___ The data

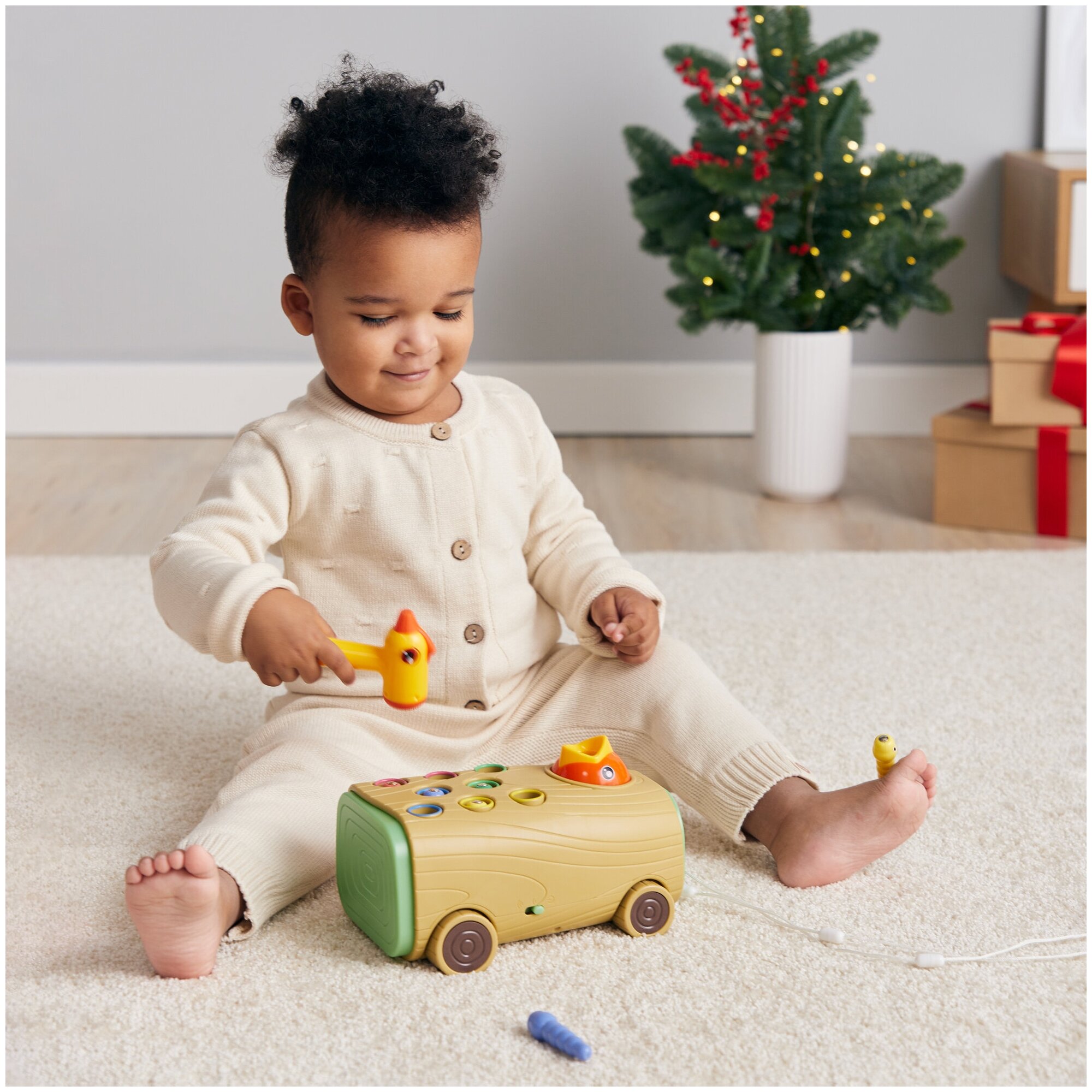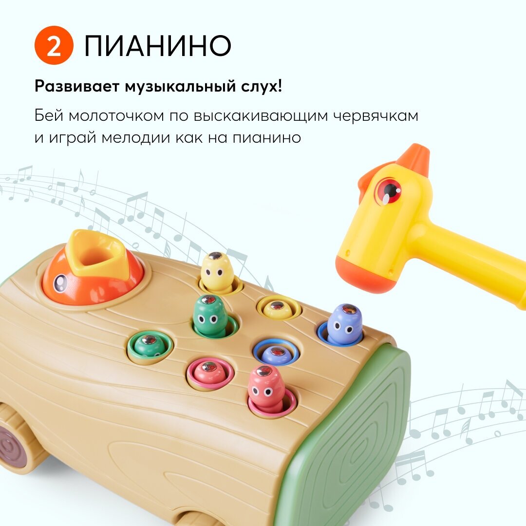 | Плюсы: | Прикольная стучалка, поет. моргает, разные цвета типа сортера, молоток с магнитом |
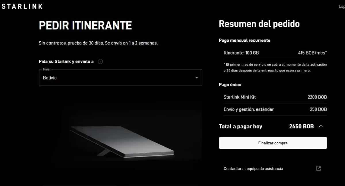 De acuerdo con la página de Starlink, el costo del internet itinerante, con una velocidad de 100 GB, es de 425 bolivianos al mes. A esto se suma el kit Starlink estándar, que vale Bs 2.800 (pago único), y el envío, que tiene un costo de Bs 250, haciendo un total de Bs 3.050. En el caso del mini kit (solo para aplicaciones básicas de internet), cuesta Bs 2.200; la mensualidad y el envío se mantienen.
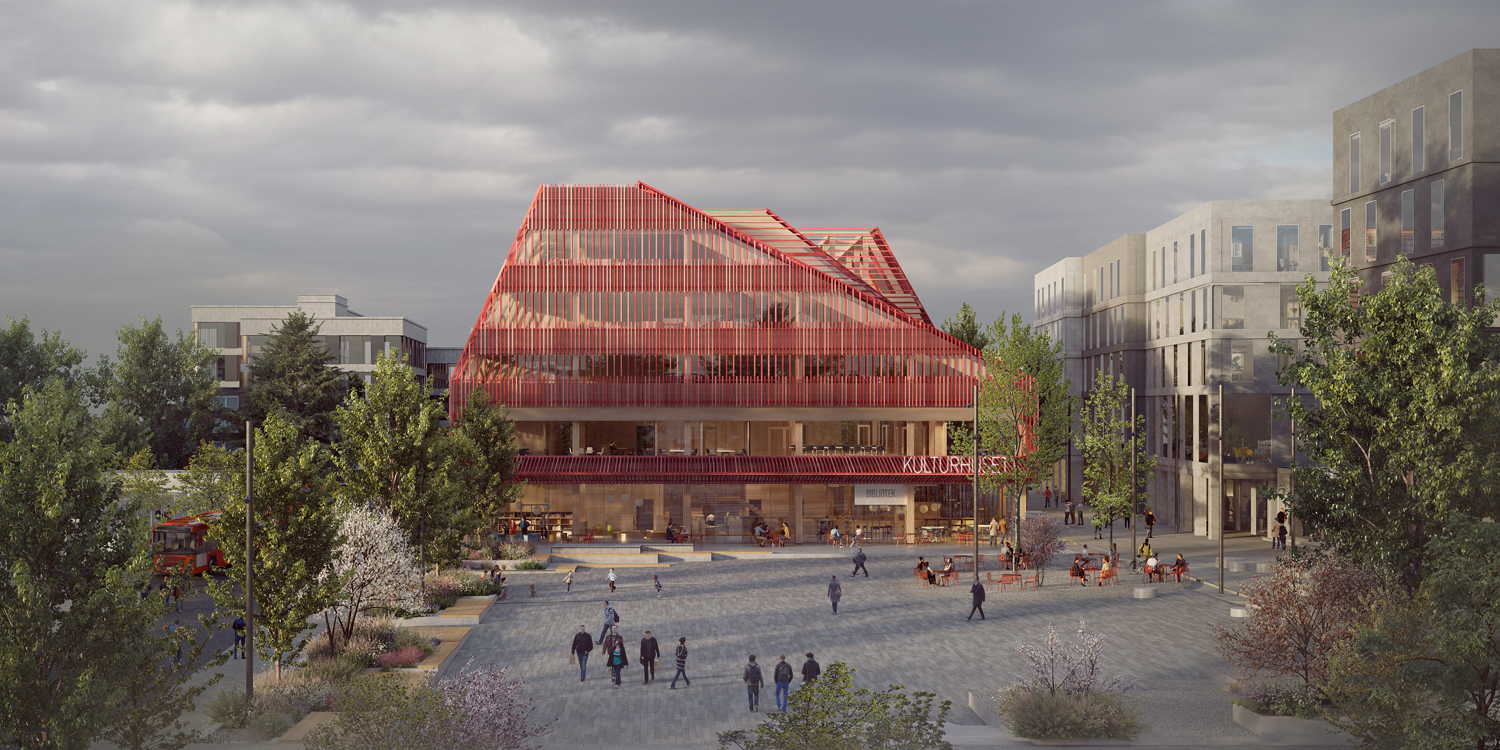 The culture house, the square and the new pedestrian street are a great opportunity to develop the area, the stadium, the light rail and the public transport terminal into a complete and varied center in Fyllingsdalen, where life and activities can be housed and cultivated all year round.

______

**What to do:** Retype the lines starting with the one that holds "De acuerdo con" and ending with the last line of the data above, both included; skip the pictures.

**Solution for this task:**
 De acuerdo con la página de Starlink, el costo del internet itinerante, con una velocidad de 100 GB, es de 425 bolivianos al mes. A esto se suma el kit Starlink estándar, que vale Bs 2.800 (pago único), y el envío, que tiene un costo de Bs 250, haciendo un total de Bs 3.050. En el caso del mini kit (solo para aplicaciones básicas de internet), cuesta Bs 2.200; la mensualidad y el envío se mantienen.
 The culture house, the square and the new pedestrian street are a great opportunity to develop the area, the stadium, the light rail and the public transport terminal into a complete and varied center in Fyllingsdalen, where life and activities can be housed and cultivated all year round.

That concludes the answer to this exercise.